The tnrs follows a two step process: name scrubbing followed by taxonomic resolution. In the first step, the input string is parsed into its components (family, genus, species, subspecies, authors etc) and each component is then matched to a list of known strings within the appropriate category (aka "known names"). For every component, a score based on the string similarity (Levenshtein distance) is reported.
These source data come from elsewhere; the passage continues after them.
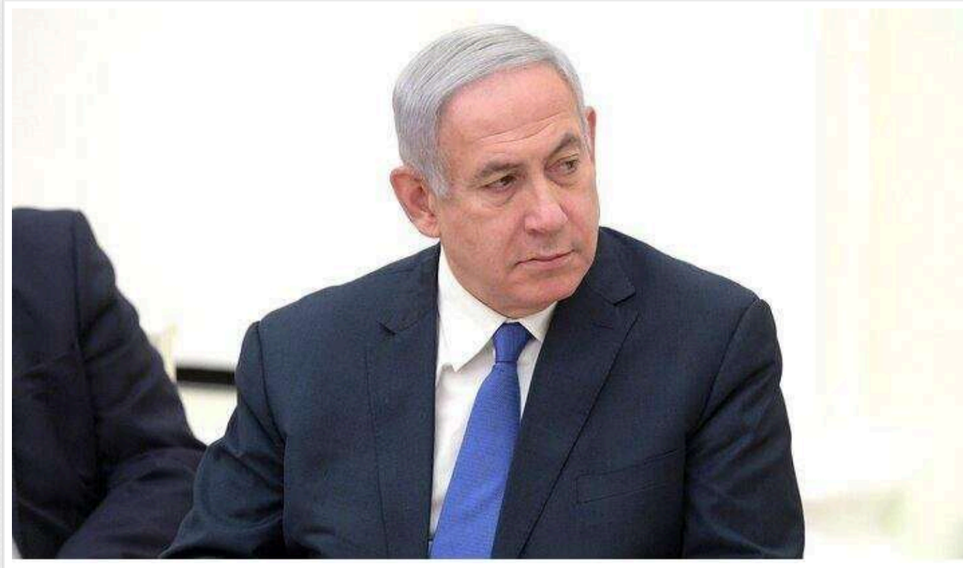
Нетаньягу вніс на розгляд угоду про перемир'я з «Хезболлою»

Нетаньягу оголосив, що представив план припинення вогню в Лівані.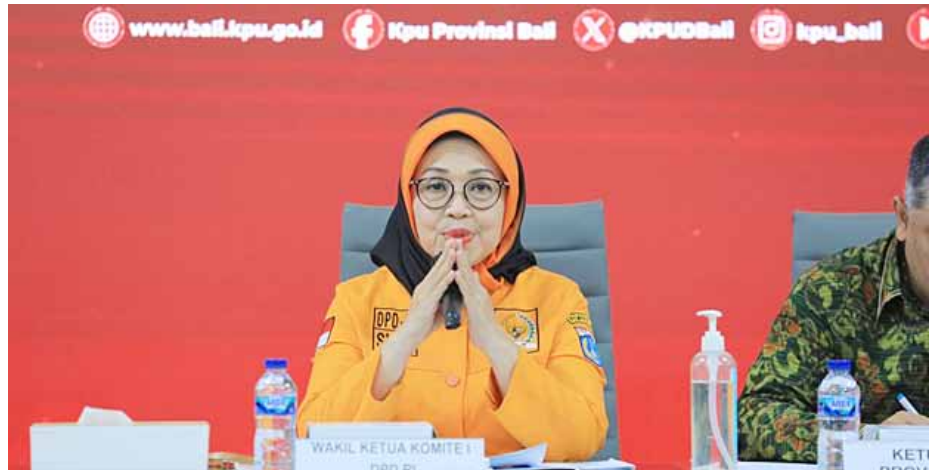
Wakil Ketua Komite I DPD RI Sylviana Murni.

Dalam rangka mempersiapkan pelaksanaan Pemilihan Kepala Daerah (Pilkada) Serentak 2024, Komite I Dewan Perwakilan Daerah (DPD) RI melakukan kunjungan kerja ke Provinsi Bali pada Selasa (10/9/2024).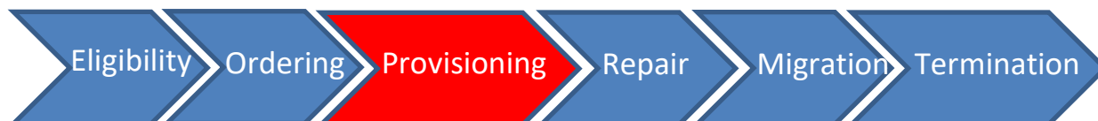
Figure 7 : Applicabilité du SLA au niveau de la relation client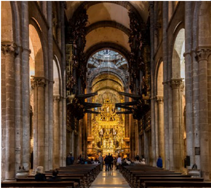
Imagen 2: Catedral de Santiago de Compostela (interior). S. XII. Imatge 2: Catedral de Santiago de Compostela (interior). S. XII.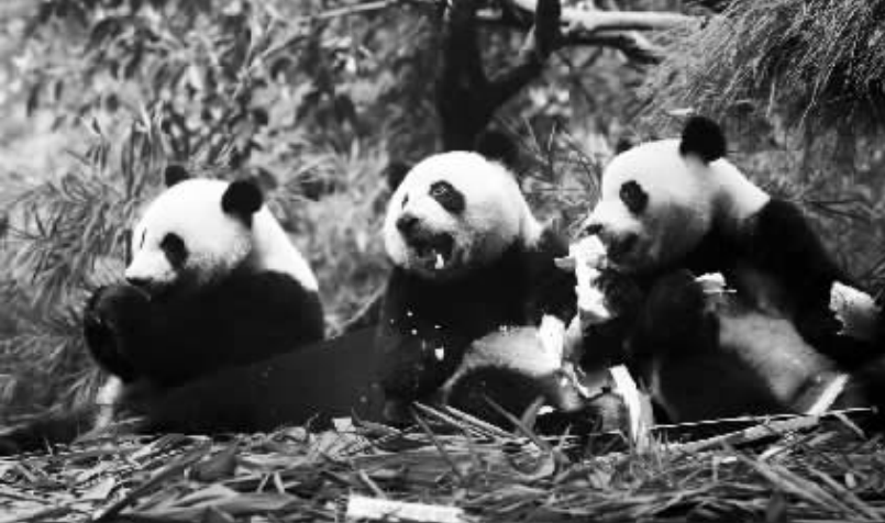
全球唯一存活大熊猫三胞胎断奶 7月14日，大熊猫三胞胎萌萌、帅帅、酷酷在吃竹笋。全球唯一存活大熊猫三胞胎自2014年7月29日在广州长隆诞生以来，在动物保护专家团队共同努力下，相继顺利度过开眼、百日、学会走路等重要生命节点。

根据意见，各级法院要按照“执行到位、有效化解”的原则办理执行实施类信访案件。如果被执行入具有可供执行财产，应当穷尽各类执行措施，尽快执行到位；如果被执行入确无财产可供执行，应当尽最大努力解释说明，争取息诉罢访，有效化解信访矛盾。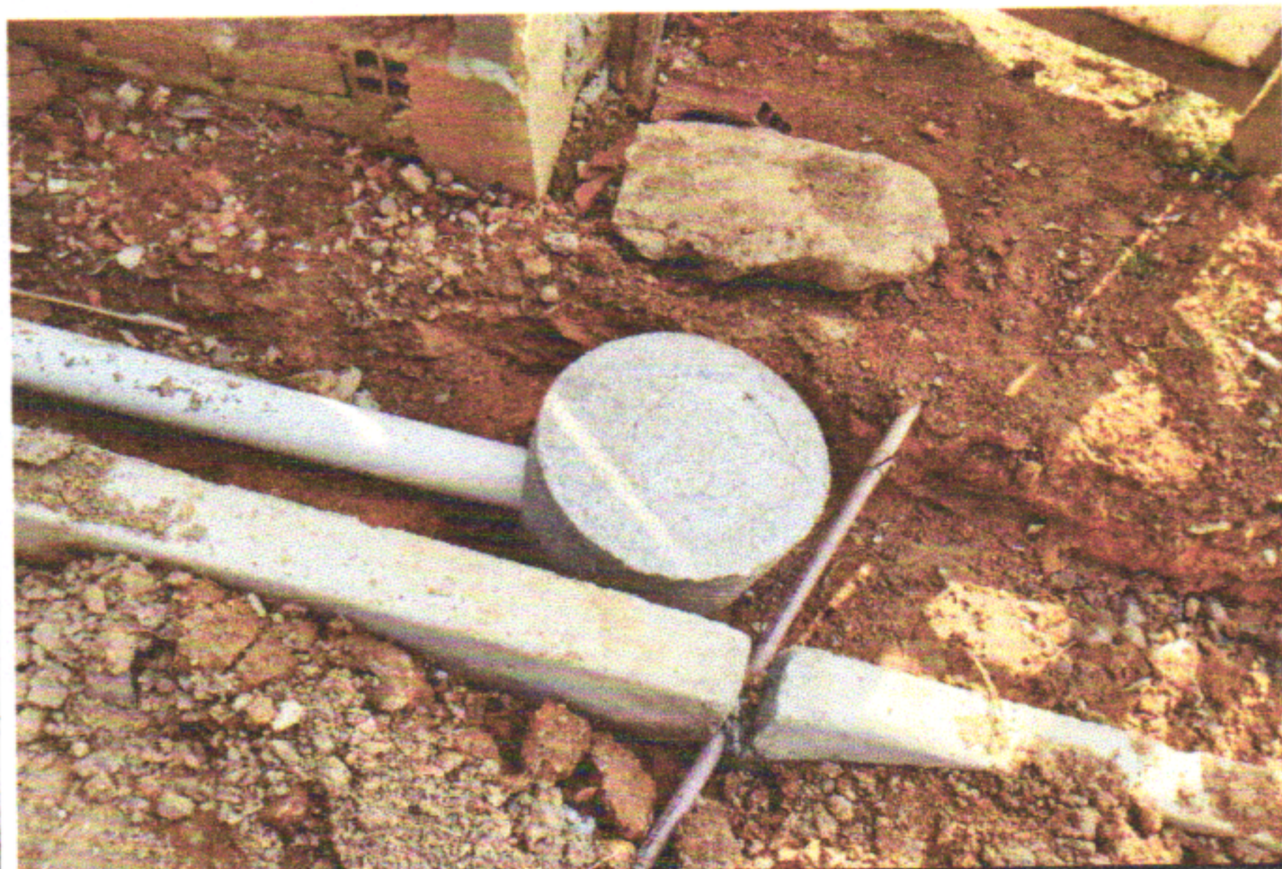
TRAV. JOÃO TAVARES - E0 a E16+14,60 - PENEDO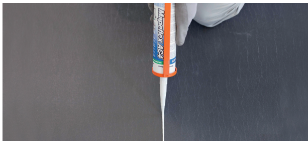
Заливка листов ПВХ герметиком Mapeflex AC4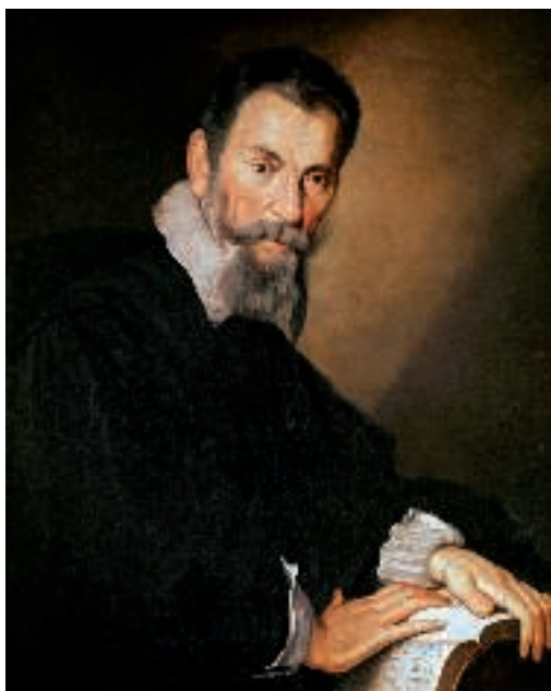
Claudio Monteverdi (1576-1643)

taba nuevas formas para su teatro nacional. Los músicos empezaron a trabajar para la corte, suministrando la música para sus grandes espectáculos.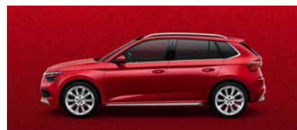
炫彩紅 K1K1 (須加價選購)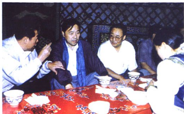
2002年10月，司法部部长张福森（左二），在自治区人大副主任王凤岐（左一）、乌兰察布盟盟长赵世亮（左三）的陪同下向牧民群众了解普法工作情况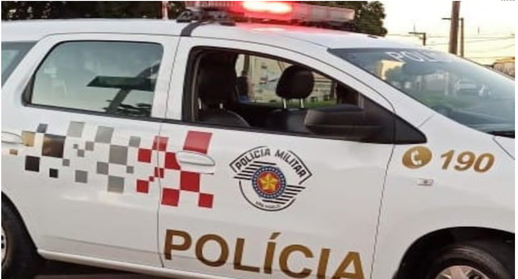
Homem foi preso pela PM no quintal da casa da filha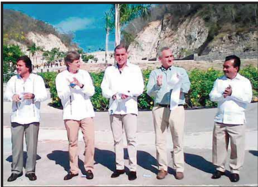
Corte de listón de la primera etapa de mejoramiento de San Agustínillo.

El turismo en Oaxaca debe seguir siendo un factor de desarrollo donde se combinan costumbres,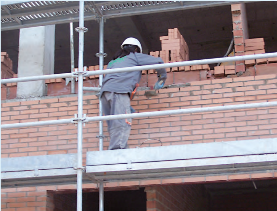
Figura 1. Ejecución de cerramiento exterior mediante obra de fábrica de ladrillo visto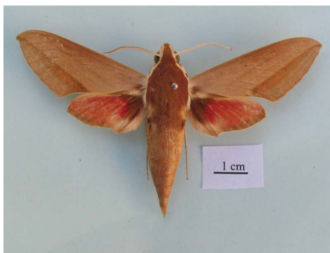
شکل ۱۶ - حشره کامل Theretra alecto (Linnaeus, 1758)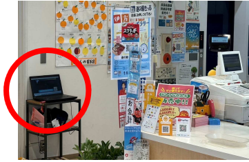
道の駅きらら館 レジ横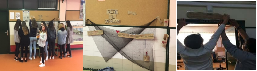
Imaxe 9. Intervención no IES Monelos.

A avaliación do proxecto foi moi satisfactoria por parte de todas as persoas implicadas. Por un lado, a da ASF que grazas ao proxecto encontrou na literatura máis un “espazo” para fomentar a vindicación do dereito ao hábitat no ámbito educativo. Por outro lado, a do alumnado de secundaria na medida en que a intervención poética fixo que -parafraseando algunhas das súas opinións- cando menos por unha tarde, este se sentise dono do seu propio espazo, un espazo educativo do que deberían sentirse parte a diario, non só pola cantidade de horas que pasan nel, senón porque del é de onde saíran eses adultos do futuro, uns adultos que queremos donos dos seus propios actos, reflexivos e críticos ante a sociedade.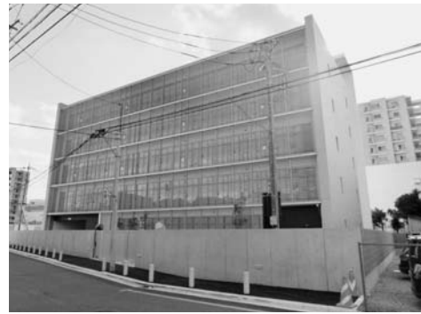
さいたま市大宮区の事務機能センター

同金庫では今年度、各支店で「課題把握シート」の作成を開始。決算書に表れない各顧客の情報を項目別に整理し、課題解決に導いている。9月末までに約2,000シートを作成。通期3,000シートを目標としている。13年3月には中小企業金融円滑化法が終了する。これに対し同金庫は、終了後も姿勢を変えない方針。「従来通り真摯に対応する」（同構え）としている。

The component scores are then summarized into a single "Overall score", that indicates how close the submitted name is to a "known name" (matched name). The taxonomic status of the matching name has no impact on the score. Only at that point, the tnrs runs the second stage and queries various taxonomic sources to assess the taxonomic status of a "matched name" and, if appropriate, returns whatever name the source considers to be accepted. In this case, you are seeing a score of 1 for the match, indicating that Guizotia schultzii is the best match in the database. However, because the taxonomic status is "No opinion" (according to that particular Tropicos snapshot), the "Accepted name" field is empty.
The TNRS relies on imported versions of the underlying databases and unfortunately those tend to get (badly) out of sync from the corresponding live version, which makes it very difficult to track the source of the problem
I'm painfully aware that this is far from an ideal situation and honestly, the TNRS could use a rewrite from the ground up in order to address these and other issues. Unfortunately, I don't have the resources to do so.
@nmatasci thanks for your input!
The match retrieved via the web interface is from GCC
what is GCC?
@kamapu does the answer above clear things up for you?
It's one of the curated sources the TNRS uses to resolve valid names, the Global Compositae Checklist. One of the idea behind the TNRS was to be able for a user to rank the order of its sources according to their (subjective) preference, so that "lower quality" sources are only used to resolve names that are not found in the better sources. That said, we had to use a default ranking and we prioritized manually curated, clade specific lists.
thanks for clarification @nmatasci
@kamapu does the answer above clear things up for you?
I know, it may be just a small detail, but submitting the following query I got apparently no matching with the database for Guizotia schultzii:
In such a case I would expect to have an empty cell for the column
matchedname
(as in the case ofacceptedname
) and a value 0 in the columnscore
. The later could be very helpful when deciding to accept or reject the suggested names using the score value as criterion.